* What is being asked
If pictures appear in the lines below, skip them and copy exactly the lines from the one containing "Constructors work at" through the one containing "Height Outdoor Table", and nothing else.

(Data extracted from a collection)
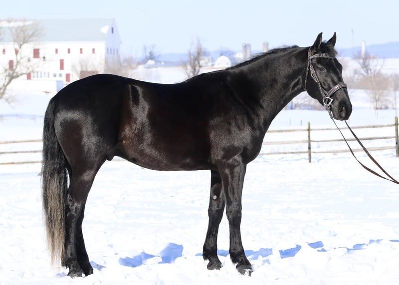💎 𝐓𝐇𝐄 𝓓𝓲𝓪𝓶𝓸𝓷𝓭 𝐒𝐇𝐎𝐖𝐂𝐀𝐒𝐄 💎 Happening now thru MONDAY | FEBRUARY 23rd - Available EXCLUSIVELY on HorseBid's website! For more details and to register visit: www.Horsebid.com CONSIGNOR CONTACT: CM Farms 717-875-2061 LOCATION: Gap, PA BREED: QH/FriesianX REGISTERED: No REGISTERED NAME: Tonka COLOR: Black HEIGHT: 15.1 AGE: 3 GENDER: Gelding Meet ✨Tonka!✨ Tonka is a jet-black, 3-year-old QH/Friesian cross gelding standing right around 15.1–15.2hh. From the moment he stepped into our barn, he has been a breath of fresh air. He is incredibly fun, sensible, and wise beyond his years. Tonka truly has the best attributes of both breeds — curves for days, good conformation, and stunning looks. He’s a lighter-built cross, making him super versatile for a variety of disciplines! He’s been started Western, English, bareback, and has been started to drive. His work has stayed light at this age since he’s still maturing, but Tonka is the kind of smart that genuinely loves to learn and picks things up so fast. On the ground, he is an absolute lover with a young, vibrant personality you can’t help but fall in love with. 🤩 In the ring, Tonka already has a great start. He stands quietly to mount from the block or the ground, has a nice forward walk, a lovely adjustable little trot, and a rocking-horse canter to die for. He’s naturally balanced, gets the correct leads every time, can easily walk to canter, and is light and responsive to ride. He’s started going with some connection, moving off the leg, and learning to use himself properly. He’s comfortable, safe, has no bad habits, and is truly at a point where he could go in any direction and succeed — he’s a showstopper. ⭐️ This guy comes with solid brakes and will stop on a dime off your seat or a voice cue. Tonka is an absolute superstar with a great work ethic and a true will to please. He’s had lots of “craziness” thrown at him and continues to be nothing short of impressive. He’s seen tarps, smoke, equipment, traffic, dogs, flags, chickens, mini bikes, cows, pigs, ground poles, and he’s even walked through fire without batting an eye. He’s brave and confident while still being quiet, forgiving, and able to take a joke or rider mistake.☺️ On the trail, Tonka will happily lead or follow. He loads right up into the trailer and genuinely enjoys going on adventures. He’ll ride the winding wooded trails or canter out in open fields. He crosses water, logs, and bridges, and is used to hikers, dogs, bikers, and all the wildlife you find on busy trails. He’s an especially fun ride to take out and would absolutely excel at fox hunting or paper chasing. Even though he’s young, he’s wise beyond his years and is safe, reliable, and the same horse every ride. In the barn, Tonka is such a fun guy. He’s curious and a little nosey in the best way!😅 He always wants to know what you’re up to, and he’ll inspect everything! He thrives on attention and will stand on the crossties all day to be groomed, tacked, and loved on. He has good manners for the vet and farrier, picks up his feet easily, is quiet and well-behaved in his stall, and easy to handle for turnout and bring-in. He’ll literally run up when he sees you in the pasture! 😆 Tonka LOVES to play with the other young geldings and has a big personality that will keep you laughing. While he’s still young and learning, we truly couldn’t ask for a better young horse. He’s incredibly special, and we only see great things in his future. We’re looking for the absolute best home for this goofy, one-of-a-kind gelding. 🩶 UTD on Shots, Coggins, Dentist, Farrier, and Deworming.
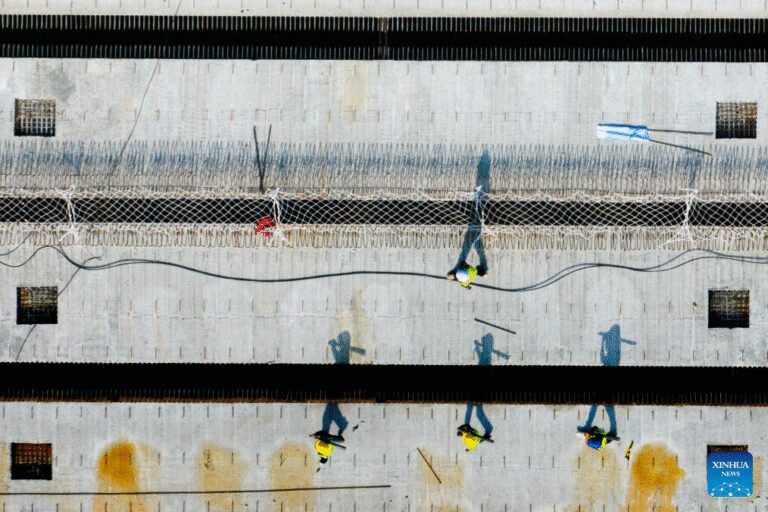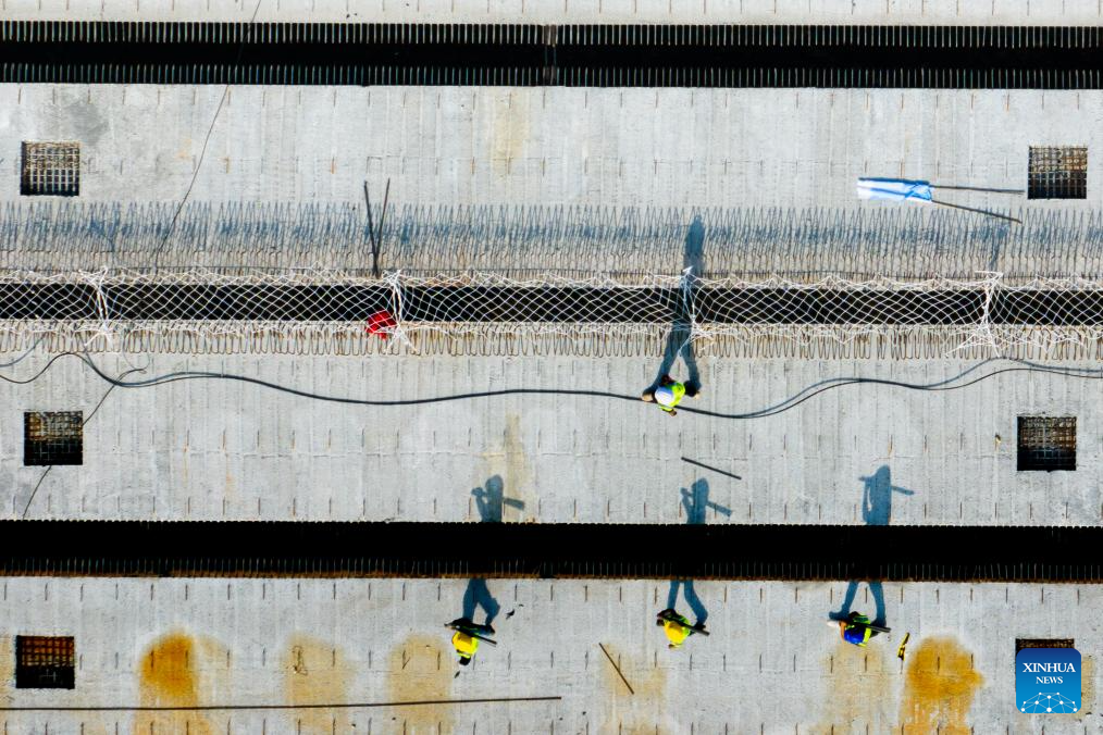 Constructors work at the construction site of a highway in Wuhan, central China’s Hubei Province, Oct. 6, 2025. Many workers have been standing fast at their posts and fulfilling their duties during the eight-day National Day and Mid-Autumn Festival holiday. (Xinhua/Xiao Yijiu)
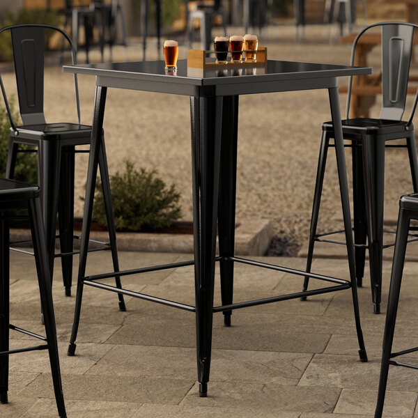 Alloy 24" x 24" Distressed Onyx Black Bar Height Outdoor Table
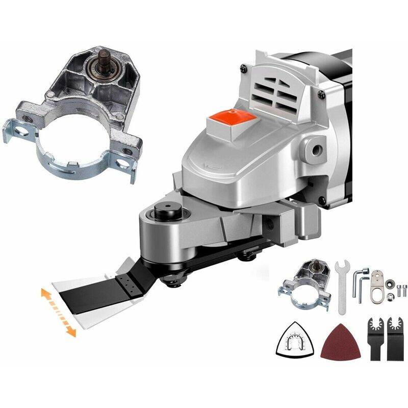 KIT DI CONVERSIONE DA SMERIGLIATRICEANGOLARE AD UTENSILE OSCILLANTEMULTIFUNZIONE.COMODISSIMO KIT DA MONTARE SU SMEGLIATRICIANGOLARI DA 115/125 mm ( PASSO M14 ) PER CONVERTIRLE AD UTENSILE OSCILLANTE MULTIFUNZIONE.IL MOVIMENTO OSCILLANTE PERMETTE DI TAGLIARE COMODAMENTE MATERIALI VARI E IN SITUAZIONI SCOMODE DOVE NON ARRIVEREBBE UN TRADIZIONALE UTENSILE ROTATORIO CON LA MASSIMA COMODITA'.IL KIT COMPRENDE OLTRE AL CONVERTITORE:UN PLATORELLO TRIANGOLARE PER L'UTILIZZO DIFOGLI DI CARTA VETRATA A DELTA CON FISSAGGIOA STRAPPO DI MISURA 90 mm X LATO,( 2 FOGLI IN DOTAZIONE )2 LAME PER IL TAGLIO DI LEGNO, PLASTICA, CEMENTO,CARTONGESSO ECC. DI LARGHEZZA 20 E 35 mm.CHIAVI DI MONTAGGIO INCLUSE.
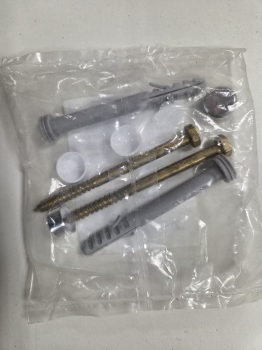 - Vsebuje dübel, vijake, podložke in zaščitne kape
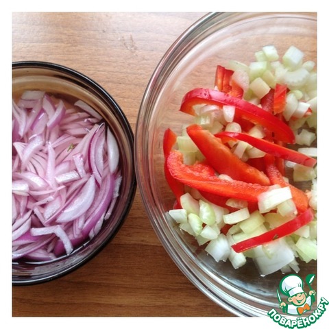 Лук нашинковать полу кольцами и замариновать на минут 20. Для маринада: в холодную кипяченую воду 100 мл добавить уксус и сахар, перемешать и выложить туда лук.

* Solution for this exercise
 Constructors work at the construction site of a highway in Wuhan, central China’s Hubei Province, Oct. 6, 2025. Many workers have been standing fast at their posts and fulfilling their duties during the eight-day National Day and Mid-Autumn Festival holiday. (Xinhua/Xiao Yijiu)
 Alloy 24" x 24" Distressed Onyx Black Bar Height Outdoor Table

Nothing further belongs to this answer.